Sciencemadness Discussion Board

Preparation of ionic phosphide from red P

woelen - 14-3-2019 at 08:18

I want to perform some experiments with PH3 in a somewhat easier way than I can do now. I need to heat white P in concentrated alkali solutions. This is dangerous and white P is not something which one can easily obtain in decent quantities (nor do I want that, given the high risk of storing much of it).

So, I thought about getting some metal phosphides, like Ca3P3, Mg3P2, or AlP. Adding these to cold dilute HCl conveniently gives a nice and steady flow of PH3 (possibly mixed in with some H2 and P2H4). I have been looking for these phosphides, but they are amazingly hard to find. I do not know any company who sells one of these chemicals to a private person.
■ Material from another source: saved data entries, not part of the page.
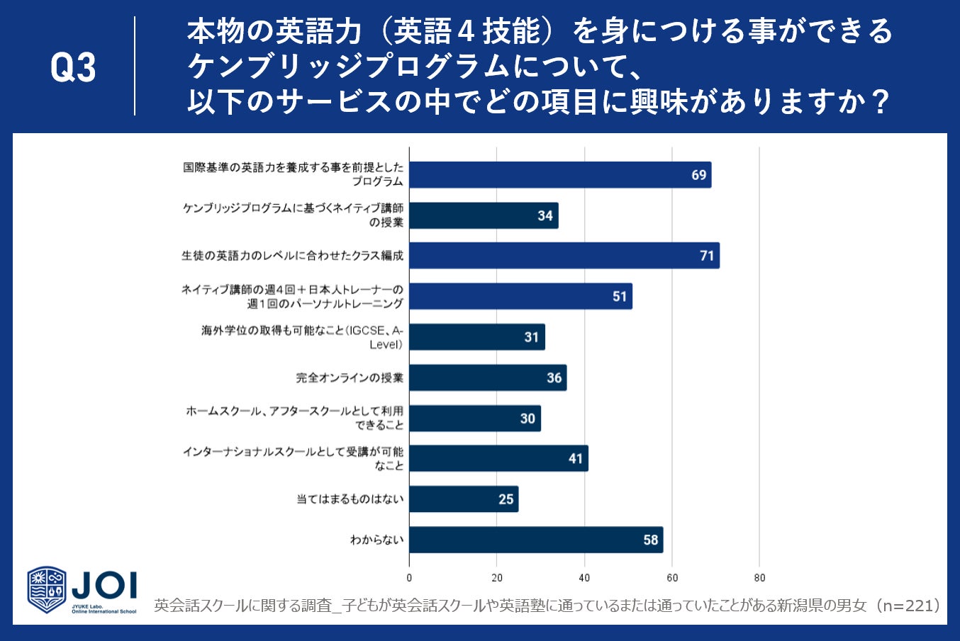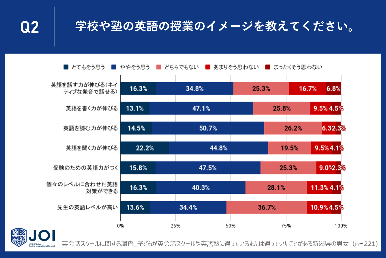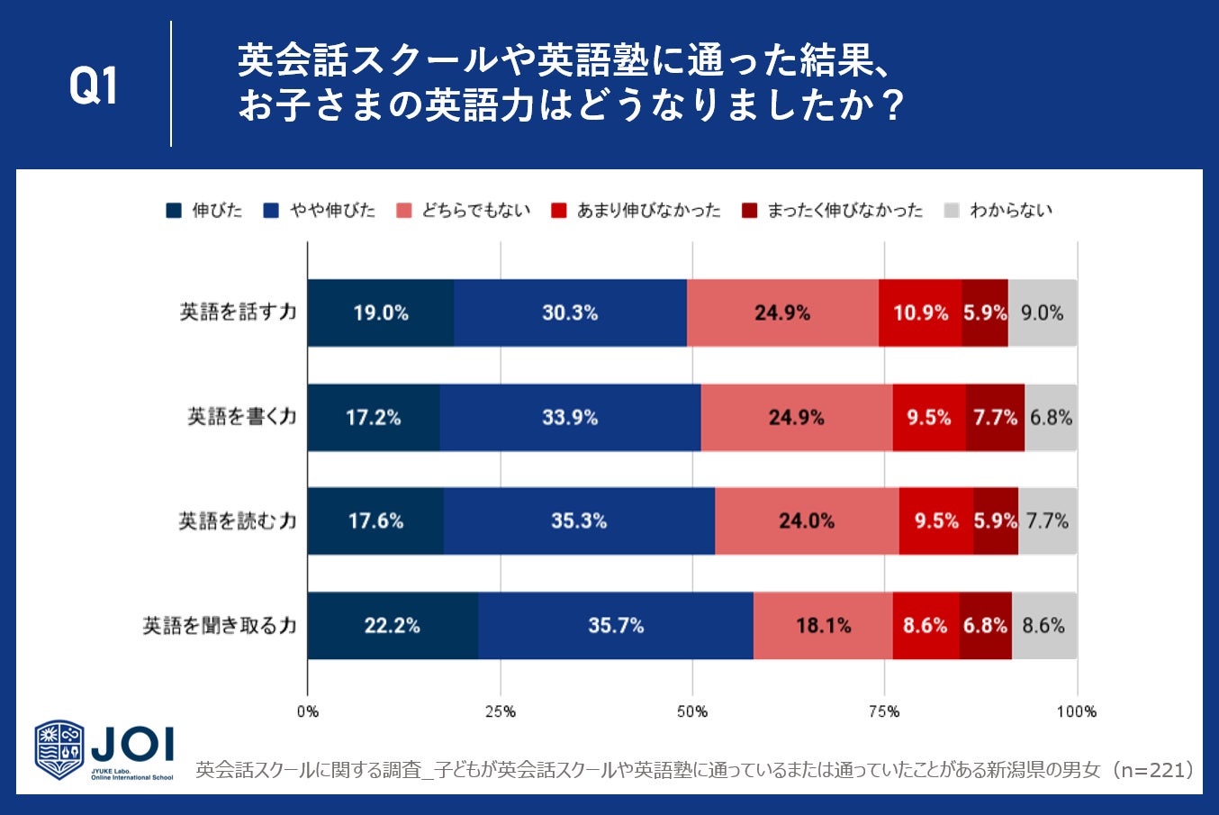 今回は、子どもが英会話スクールや英語塾に通っているまたは通っていたことがある新潟県の男女221人に、英会話スクールや英語塾の効果に関するアンケート調査を実施しました。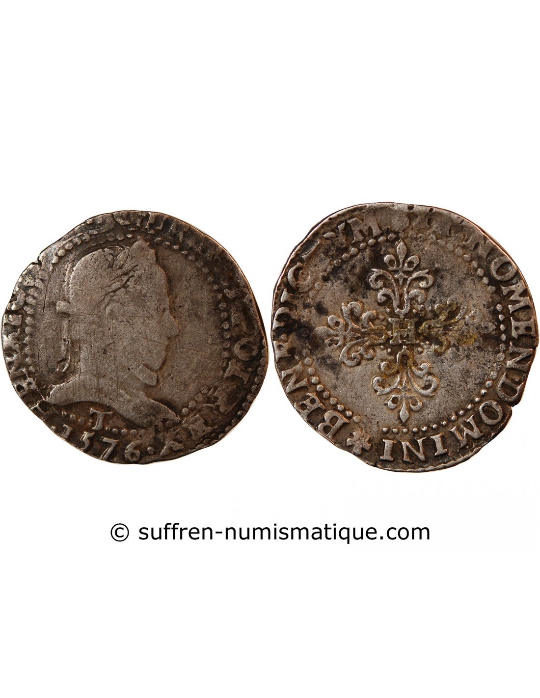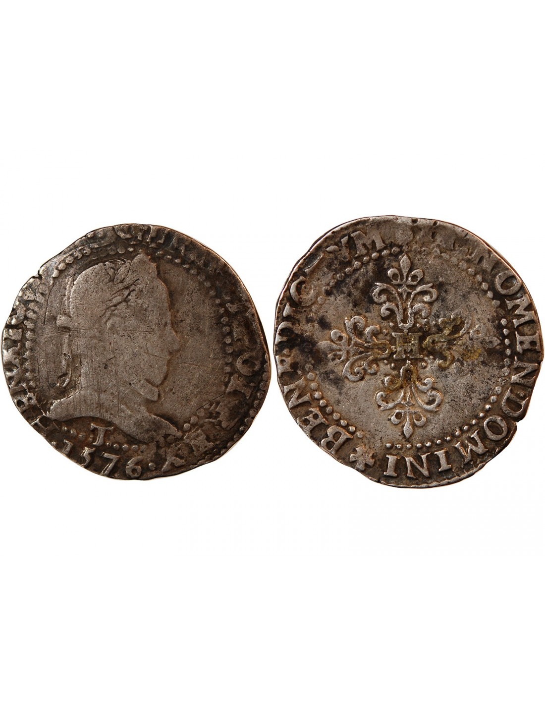 France HENRI III - 1/2 FRANC AU COL PLAT 1576 T NANTES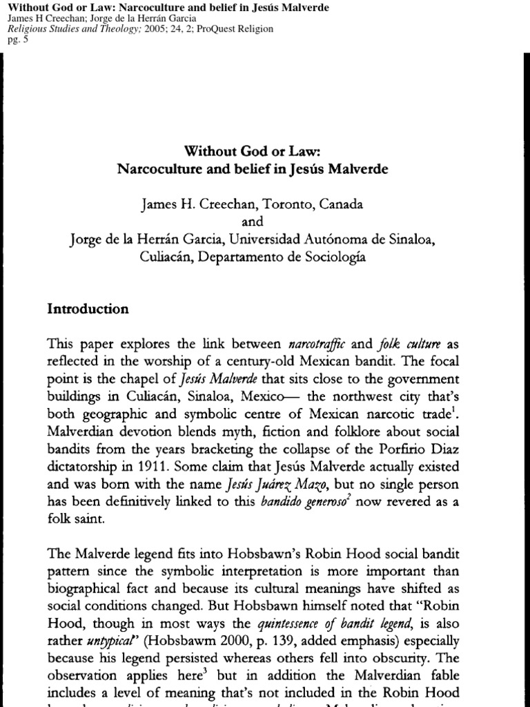 Without God or Law: Narcotraffic and Belief in Jesus Malverde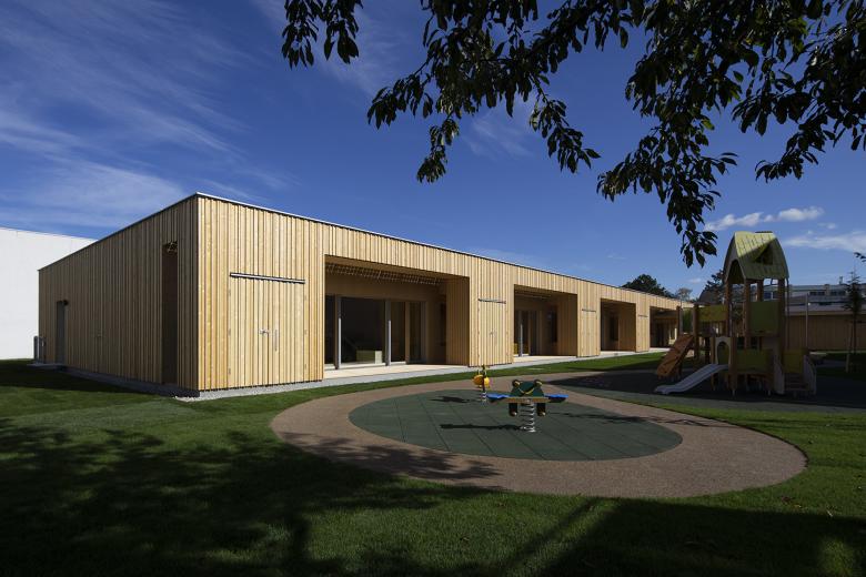 The kindergarten, built in solid wood construction, is a quiet, single-storey building in a heterogeneous environment. The eastern forecourt connects to the public space and leads to the entrance area, which forms a clear closure to the playground and gardens and thus serves as a visual and noise barrier.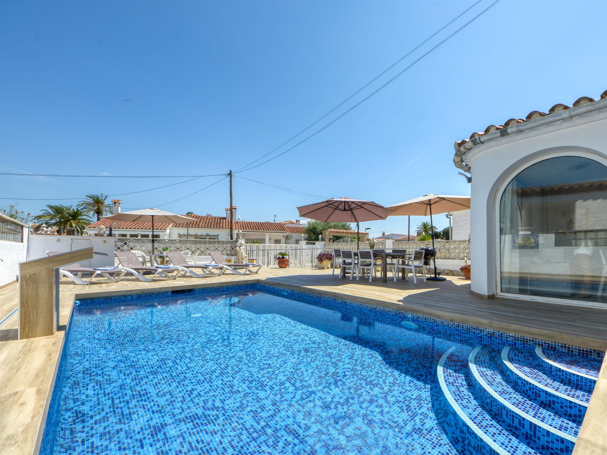 Beautiful, comfortable house "Roanne" in 2014. In the district of Alberes 800 m from the centre of Empuriabrava, in a quiet, sunny position residential area (villas), traffic calmed area, 1 km from the sea, 200 m from the canal. Private: property (fenced), garden, swimming pool angular (7 x 3 m, depth 160 cm, seasonal availability: 01.May. - 30.Oct.). Outdoor shower, terrace, garden furniture, barbecue, parking (for 2 cars). Shop 240 m, grocery 300 m, supermarket 240 m, shopping centre 500 m, restaurant 400 m, bar 300 m, bakery, bus stop 3 km, sandy beach "Empuriabrava" 1 km. Sports harbour 2.6 km, golf course (18 hole) 15 km, sailing school 1.5 km, tennis 2.2 km, minigolf 2 km, cycle lane 500 m. Nearby attractions: Túnel de viento y Skydive Empuriabrava 2 km, Parque Acuático Aquabrava Roses 6 km, Museo Dalí Figueres 12 km, Ruinas de Empuries 23 km, Castillo Peralada Golf 18 km, Monasterio de Sant Pere de Rodes 23 km. The owner does not accept any youth groups. The keys‘ handover takes place by the agency Interhome in Empuriabrava.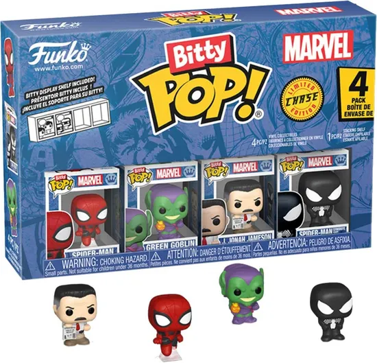 Especificações de Bonecos Spider-Man/ Green Goblin/ Jonah/ Spider-Man Symbiote - Marvel Funko Bitty Pop!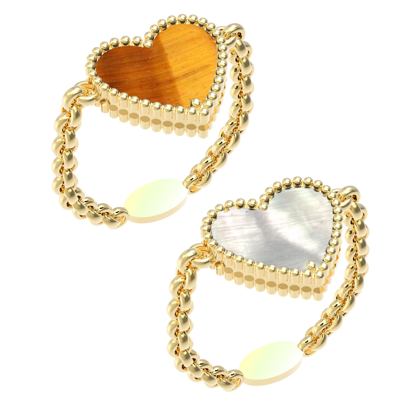 Кольцо из лимонного золота c тигровым глазом и перламутром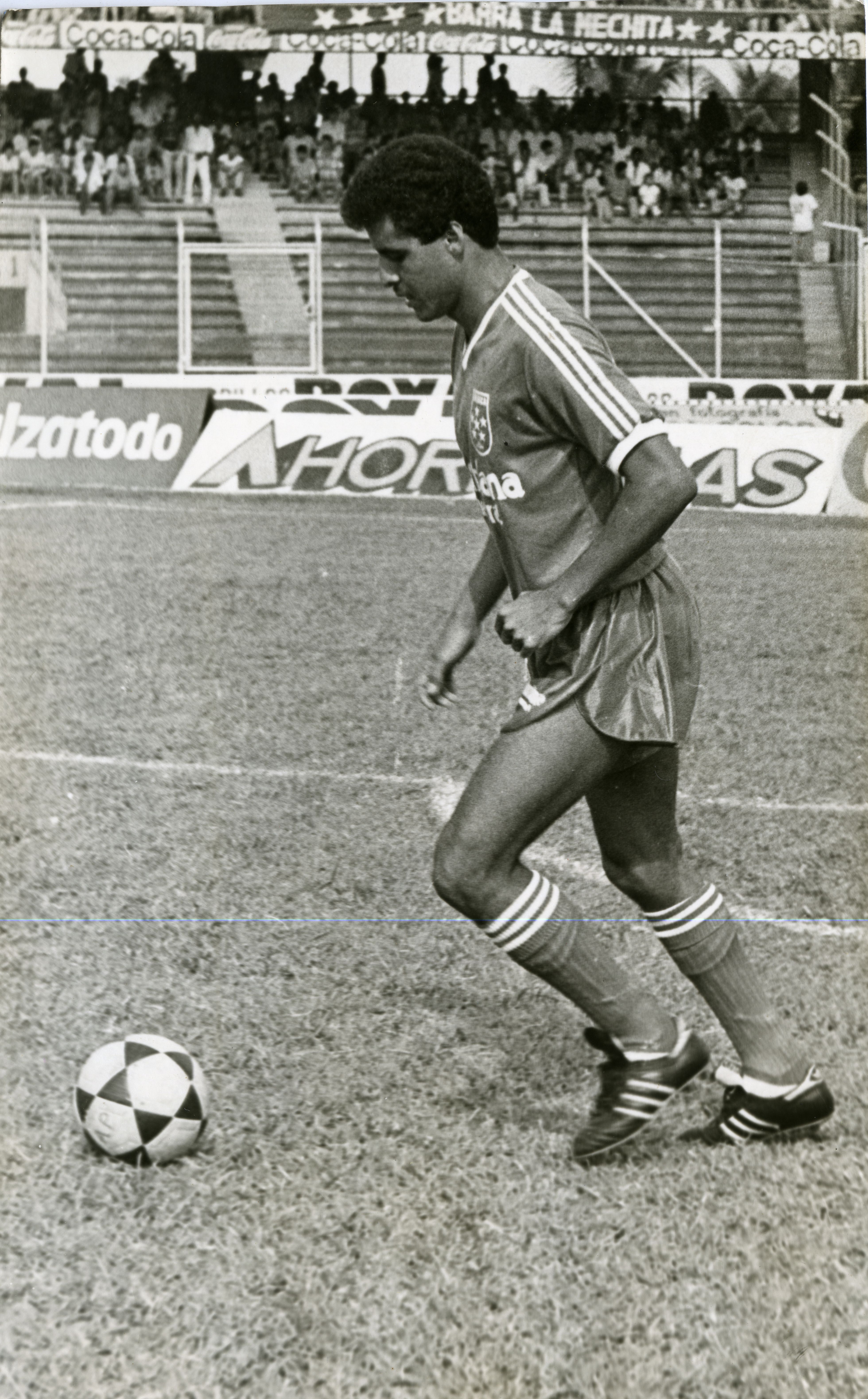 Alexis Mendoza, Barranquilla, Atlántico, 8 de noviembre de 1961, es un exfutbolista y entrenador colombiano. Fue jugador del América de Cali, en 1990 - 1992. La sapiencia de Alexis Mendoza jugador del América de Cali. Estadio Olímpico Pascual Guerrero. Se aprecia al jugador con la posesión del balón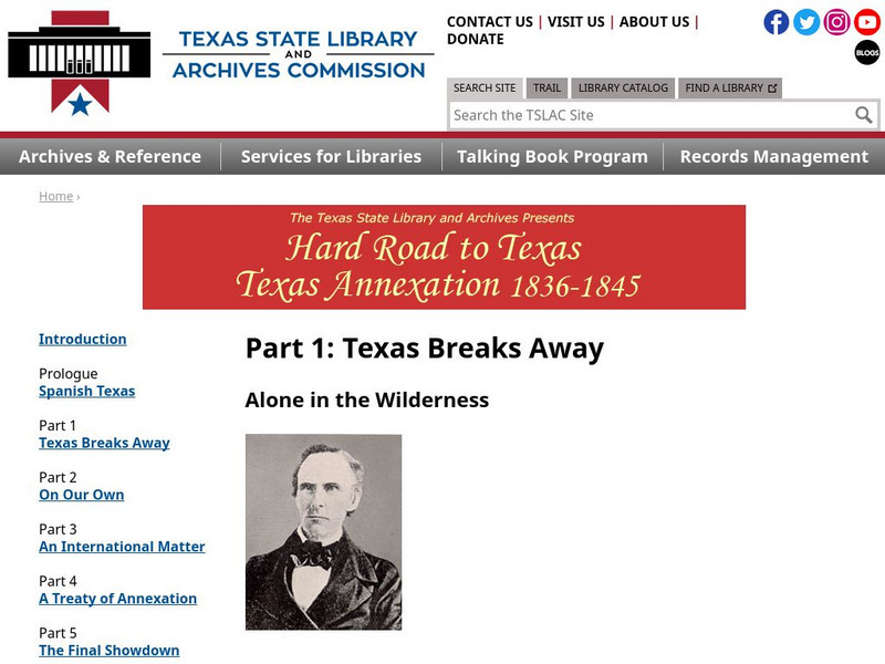 Texas State Library and Archives Commission: Hard Road to Texas 1836 1845: Texas Breaks Away Alone in the Wilderness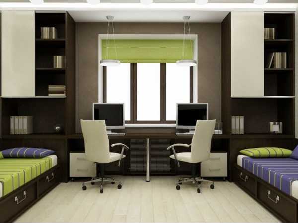 Мальчикам постарше может понадобиться компьютер, а то и два. Две рабочие зоны должны находиться на некотором расстоянии друг от друга. А кровати можно поставить рядом друг с другом, отгородив их по желанию комодом, стеллажом или прикроватной тумбой.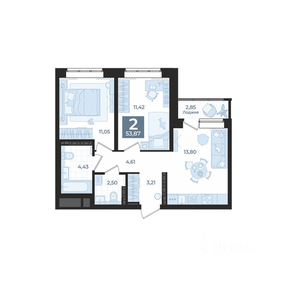 Разнообразные планировочные решения: от квартир с одной спальней для молодых пар до вариантов с тремя спальнями для семей с несколькими детьми. Для тех, кто хочет сделать дизайн-проект самостоятельно, мы предлагаем квартиры в предчистовом варианте, также можно заказать чистовую отделку.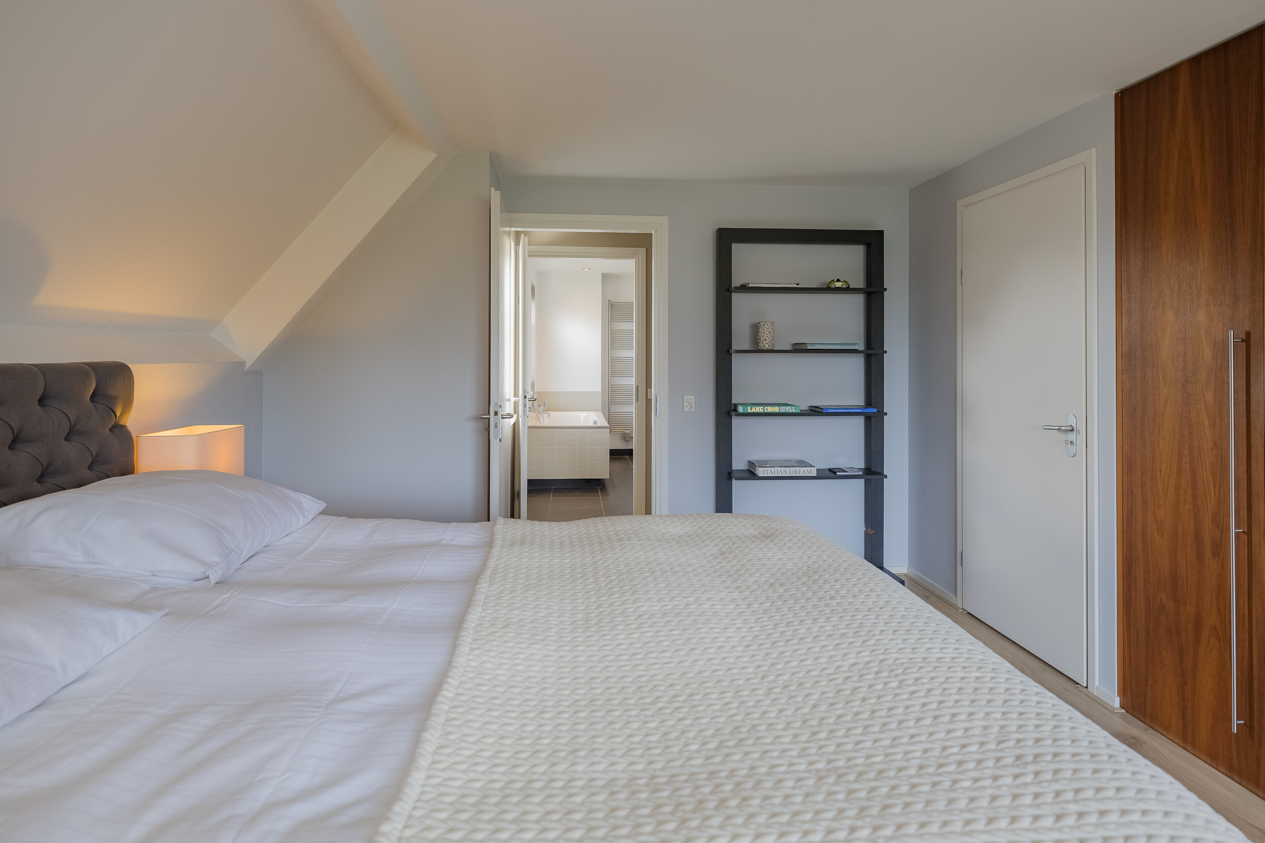 The bathroom is luxuriously appointed with a bathtub, walk-in shower, and double sink with vanity. There is a separate toilet on the landing.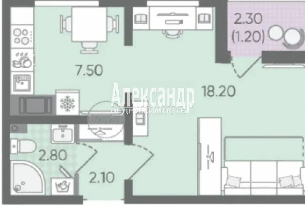 1-комнатная квартира: Санкт-Петербург, Чарушинская улица, 32 (30.6 м²)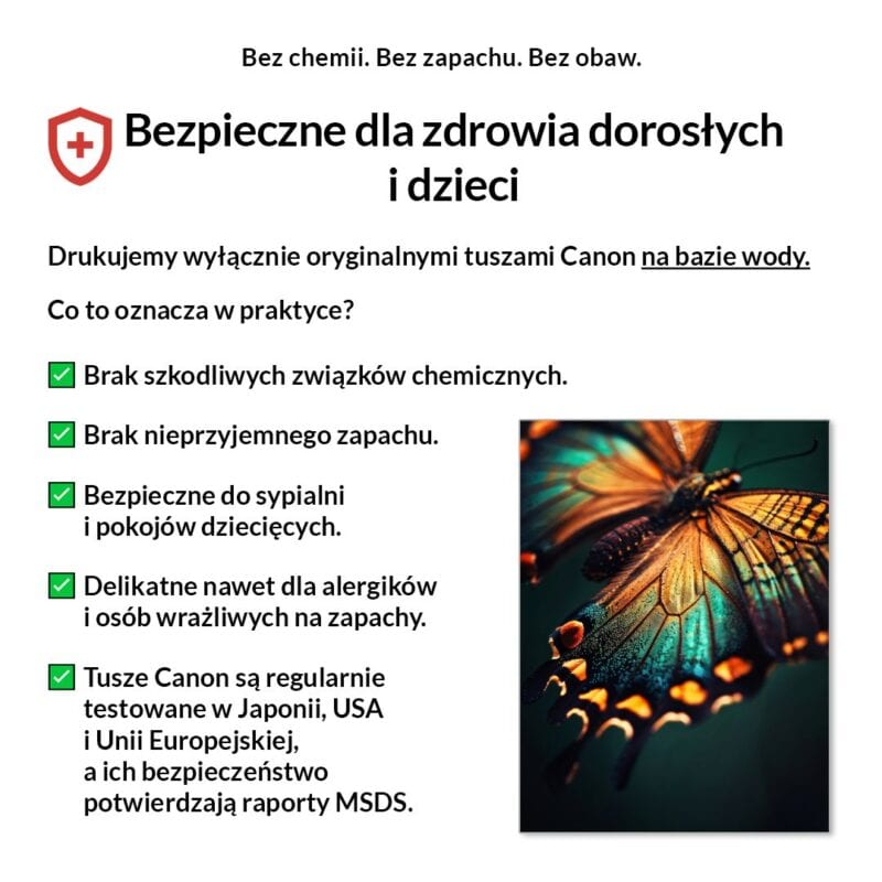 Tak, absolutnie! Drukujemy wyłącznie certyfikowanymi, bezwonnymi tuszami pigmentowymi Canon Lucia Pro na bazie wody. Są one w pełni bezpieczne dla zdrowia, nie zawierają rozpuszczalników i mogą być bez obaw stosowane w sypialniach i pokojach dziecięcych.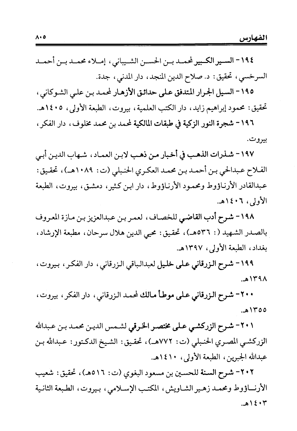 195 - السيل الجرار المتدفق على حدائق الأزهار لمحمد بن علي الشوكاني، تحقيق: محمود إبراهيم زايد، دار الكتب العلمية، بيروت، الطبعة الأولى، 1405 هـ.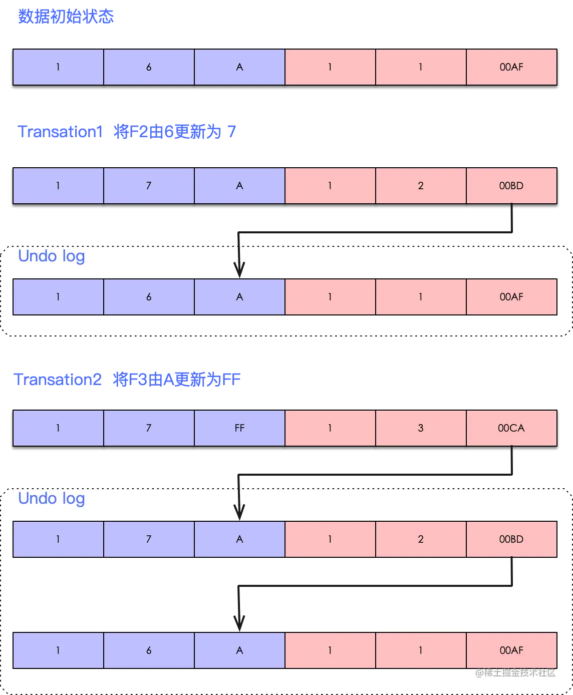 DB_ROLL_PTR 表示回滚指针,其指向当前记录上一次更新或新增操作对应的undo log,undo log 能还原数据到之前的状态

Next thing I was thinking about is making it myself. Red P is no problem. I also have powdered Mg and powdered Zn. I tried mixing stoichiometric amounts of finely powdered red P with finely powdered Mg or Zn, but such a mix is not suitable for making the metal phosphide. The reaction is very fast, like burning black powder and all phosphide escapes as smoke and burns up in the air because it is very hot. I only tried with small amounts, unconfined. I didn't have the guts to try this in a test tube. The reaction is so violent that it may explode or at least be ejected from the tube, giving a big flame.

How would you proceed in making the phosphide? I have seen descriptions of processes, where vapor of phosphorus is led over finely divided metal in a red hot quartz tube, but that is not the kind of things I can do in my lab. Does one of you know of any other way of making ionic phosphides? If you know of a company in the EU which sells Ca3P2, Mg3P2, Zn3P2 or AlP to private individuals then that also is an option for me.

DavidJR - 14-3-2019 at 08:26

Maybe the problem is white phosphorus vapour and fine metal particles reacting with oxygen at high temp. It might be worth trying it in a test tube with a blanket of argon gas to see if it's less violent that way.

SWIM - 14-3-2019 at 08:42

Moletox mole and gopher killer is 2% zinc phosphide.
And $13 US per pound on ebay.

Bet you could get some fairly pure PH3 from that.

Ubya - 14-3-2019 at 09:57

Quote: Originally posted by SWIM  
Moletox mole and gopher killer is 2% zinc phosphide.
And $13 US per pound on ebay.

Bet you could get some fairly pure PH3 from that.

So $13 for 13 grams of zinc phosphide
PS i read on wikipedia
Quote:

AlP is used as a rodenticide, insecticide, and fumigant for stored cereal grains. It is used to kill small verminous mammals such as moles and rodents. The tablets or pellets, known as "wheat pills", typically also contain other chemicals that evolve ammonia which helps to reduce the potential for spontaneous ignition or explosion of the phosphine gas.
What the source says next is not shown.